Diese und andere Initiativen regen zum Nachdenken über das Leid und das Schicksal an, das den durchschnittlichen Zivilisten, den Frauen und Kindern widerfuhr, welche im Fadenkreuz der Besatzer standen. Darüber hinaus erscheint die Spezifik des Völkermords an den Roma durch sie in einem Licht, das der historischen Wirklichkeit gerecht wird, wenngleich ihnen eine zur Verteidigung kollektiver, staatlicher und nationaler Vorstellungen anstachelnde Rhetorik fremd ist.
Vergleich mit den Nachbarländern Russland und Belarus
An dieser Stelle sollen noch einige knappe, vergleichende Beobachtungen über die Erinnerungskultur in den Nachbarländern stehen, die ebenfalls die deutsche Besatzung erlebten. Gemeint sind Belarus, wo derzeit drei Denkmäler an die Roma erinnern, und Russland, wo es nur ein einziges gibt.
Die Forschung verweist auf eine Gemeinsamkeit in allen drei Ländern, die darin liegt, dass die staatlichen Organe kein Interesse daran zeigen, an diese Tragödie zu erinnern. Sie verbleibt auf ihrem Platz am Rande des Bewusstseins der Gesellschaft. In Belarus und Russland stehen ihrer Integration in das gesellschaftliche Gedächtnis zudem die dominierenden nationalen Geschichtsmodelle, insbesondere der Kult des „Großen Vaterländischen Krieges“, entgegen. In der Folge überwiegen in Belarus und Russland die Heroisierung und die Entpersonalisierung traumatischer Erfahrungen, während in der Ukraine ein Prozess des Umdenkens und der Vermenschlichung eingesetzt hat.

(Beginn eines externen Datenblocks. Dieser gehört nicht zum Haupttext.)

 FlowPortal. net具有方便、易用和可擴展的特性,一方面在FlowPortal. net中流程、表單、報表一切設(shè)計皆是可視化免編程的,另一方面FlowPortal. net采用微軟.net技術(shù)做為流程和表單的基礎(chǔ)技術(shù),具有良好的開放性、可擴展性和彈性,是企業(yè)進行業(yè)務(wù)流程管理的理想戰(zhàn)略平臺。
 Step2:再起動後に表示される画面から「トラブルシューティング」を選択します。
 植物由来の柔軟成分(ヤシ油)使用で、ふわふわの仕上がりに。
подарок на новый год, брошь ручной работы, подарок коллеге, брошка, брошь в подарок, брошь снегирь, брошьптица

¹ Das letzte und bedeutendste dieser Projekte war die Ausstellung „Der missachtete Völkermord. Das Schicksal der Roma in der deutschen Besatzungszone der Ukraine, 1941–44“, die mit Unterstützung der Rosa-Luxemburg-Stiftung und der Stiftung „Erinnerung, Verantwortung und Zukunft“ ins Leben gerufen wurde.

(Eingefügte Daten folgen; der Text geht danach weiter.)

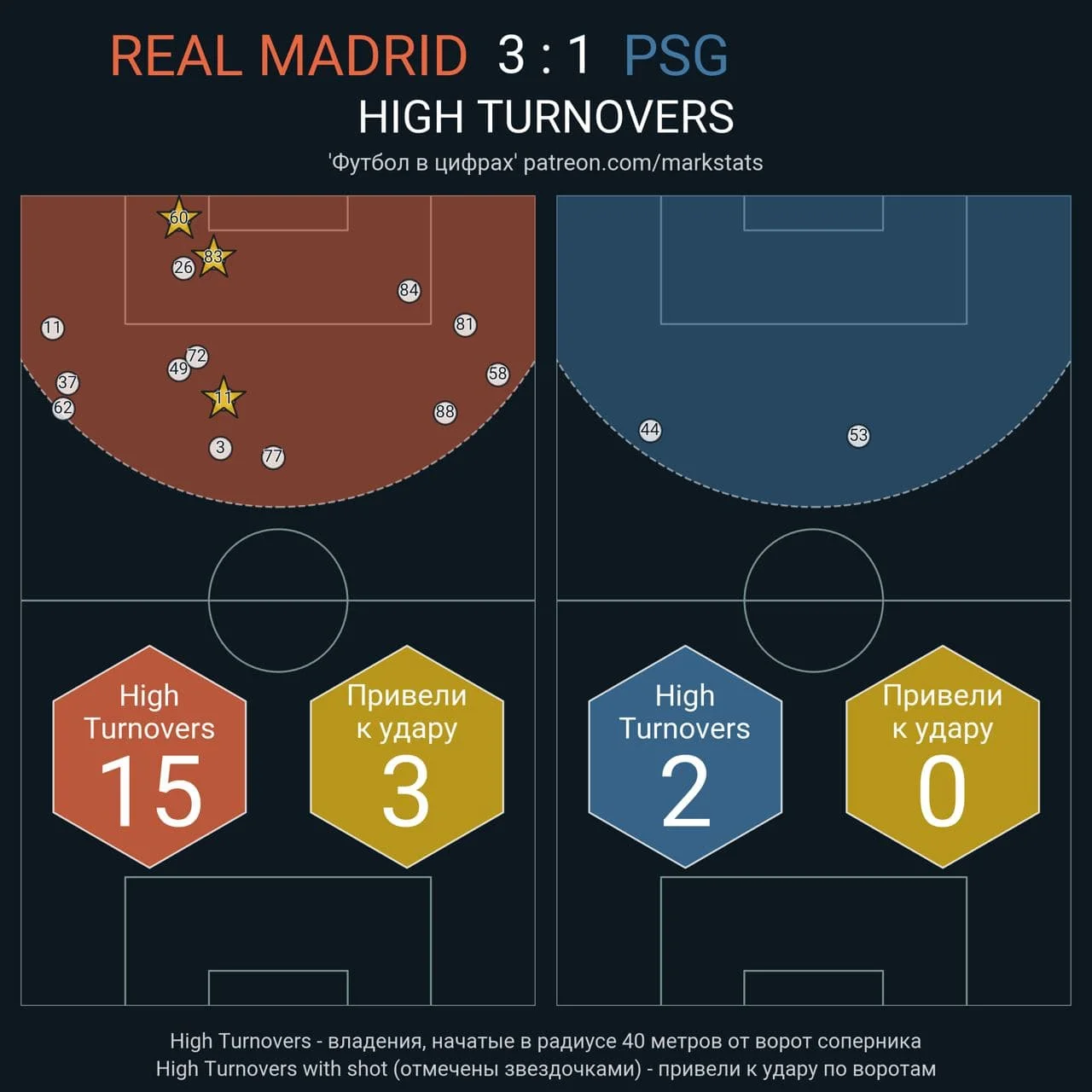 Ключовим елементом успіху Реала став високий пресинг. В перші 15 хвилин "вершкові" позначили бажання відбирати м'яч далеко на чужій третині поля – мадридці видали значно вищу інтенсивність пресингу, провели 3 удари (1 в площину), тримали володіння на рівні 51,4% й сміливо йшли у дриблінг з хорошим результатом (6 спроб, 5 успішних). Щоправда, потім ПСЖ адаптувався завдяки відходу Верратті назад та опусканню Мессі й Неймара до групи півзахисників.
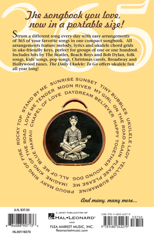 Compiled and arranged by Liz and Jim Beloff, The Daily Ukulele: To Go features 365 well-known songs with easy ukulele arrangements in one 5-1/2 x 8-1/2 compact songbook. Featuring the same songs and arrangements from the original full-size Daily Ukulele, this streamlined edition is smaller, lighter and perfect for those who want to travel with their favorite songbook. All arrangements feature melody, lyrics and ukulele chord grids in uke-friendly keys and never require a page turn in the middle of a song. Includes hits by the Beatles, Beach Boys and Bob Dylan, folk songs, kids' songs, pop songs, Christmas carols, and Broadway and Hollywood tunes. A comb binding allows for easy “fold-flat” usage. The Daily Ukulele: To Go offers ukulele fun all year long!

² Der Leiter der Bildungsabteilung in der Regionalregierung der Oblast Tscherkassy lehnte 2018 die Bitte lokaler Lehrkräfte ab, eine Ausstellung über den Völkermord an den Roma zu eröffnen. Er begründete diese Entscheidung damit, dass er zwar „das Recht der Roma auf Selbstbestimmung respektiere, jedoch die Aufklärung über den Völkermord an den Ukrainern, den Holodomor, für die Priorität“ halte. Doch dergleichen Vorkommnisse sind selten. Im Großen und Ganzen zeigt die Praxis, dass Vertreter der Staatsorgane, wenn sie auch nicht die Initiatoren solcher Veranstaltungen sind, Einladungen doch in aller Regel nachkommen und dabei die Wichtigkeit der Erinnerung an den Völkermord zum Ausdruck bringen. Was die Vertreter staatlicher Kultur- und Bildungsinstitutionen betrifft, so zeigen Museen, Bibliotheken und Lehrkräfte großes Interesse an dem Thema.
³ Das Ukrainische Institut für Nationale Erinnerung wurde beispielsweise für die Verbreitung eines „nationalistischen“ Narrativs kritisiert. Nichtsdestoweniger war das Institut 2016 ein Förderer und Mitorganisator der wichtigen Wissenschaftskonferenz „Der Völkermord an den Roma der Ukraine während des Zweiten Weltkriegs: Studium, Lehre, Gedenken“
Aus dem Ukrainischen von Dario Planert.